Any transaction that is not made with the sole purpose of transferring bitcoin (and nothing else) is spam and should be prevented.
Are colored coins spam, in that case? Such transactions don't just transfer bitcoin solely. Is OP_RETURN spam since it creates another purpose for the transaction? What about transactions that create an output to the same destination as the input? In practice they don't move bitcoins at all, but the protocol understands this as transaction. Unless we count mining fees as part of the transaction, which in that case would make every Ordinal transaction a "real" one.

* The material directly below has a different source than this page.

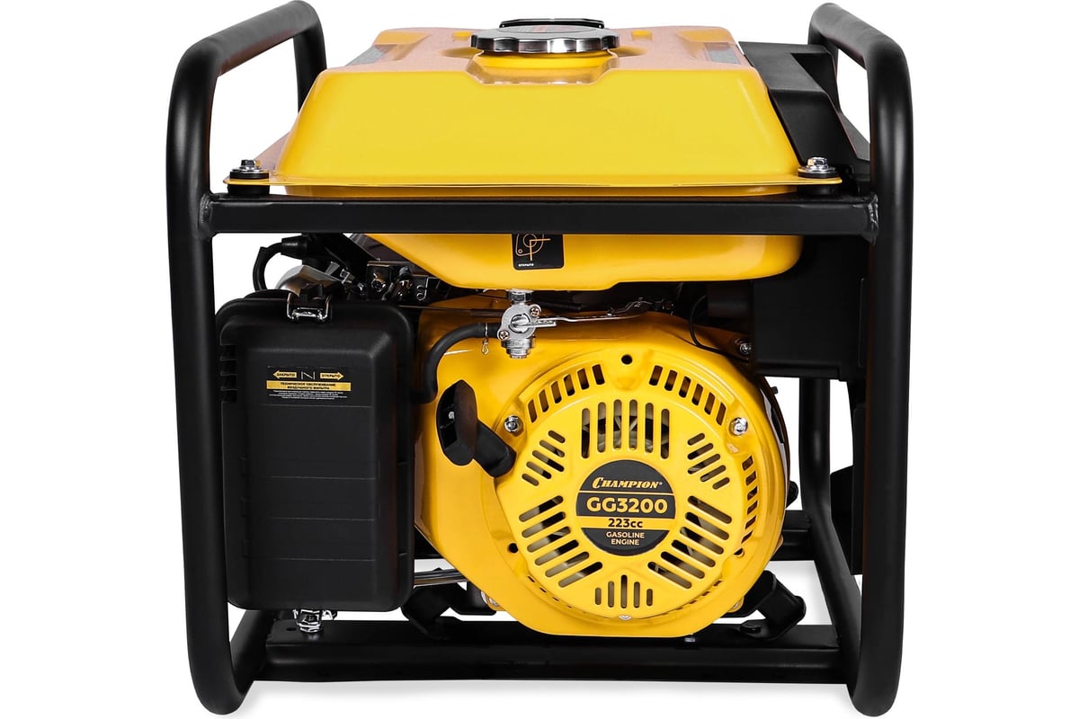 Генератор Champion GG3200 используется для снабжения электричеством приборов мощностью до 3,5 кВт. Высокое номинальное напряжение при небольших габаритах достигается благодаря медной обмотке ротора и статора, а также усовершенствованному блоку AVR. Имеет открытое исполнение, вследствие чего эффективно отводит тепло от рабочих частей агрегата.

For the millionth time, every transaction byte should be seen as equal with any other given that it follows the protocol rules.
I explicitly mentioned that anything that falls within the accepted methods of performing things can be considered not-spam. Colored coins and anything using OP_RETURN (regardless of my personal feelings) is not a spam.
You can't really compare that with the Ordinals Attack which is based on an exploit of the protocol though!
Somebody on Twitter just broke Ordinals:
~
If this is to be believed, then that should make the dispute obsolete.
That would be true for an actual protocol that is also decentralized. When it comes to a centralized platform that is using an exploit to attack bitcoin, "breaking" is not even defined for it.
Looks good to me. Hopefully will encourage more adoption of Lightning network or other layer 2 solutions with increasing cost of mainnet transactions.
You can't use second layer if the primary layer isn't functioning well. In other words this will have the exact opposite effect since the cost of moving in and out of LN channel is also high.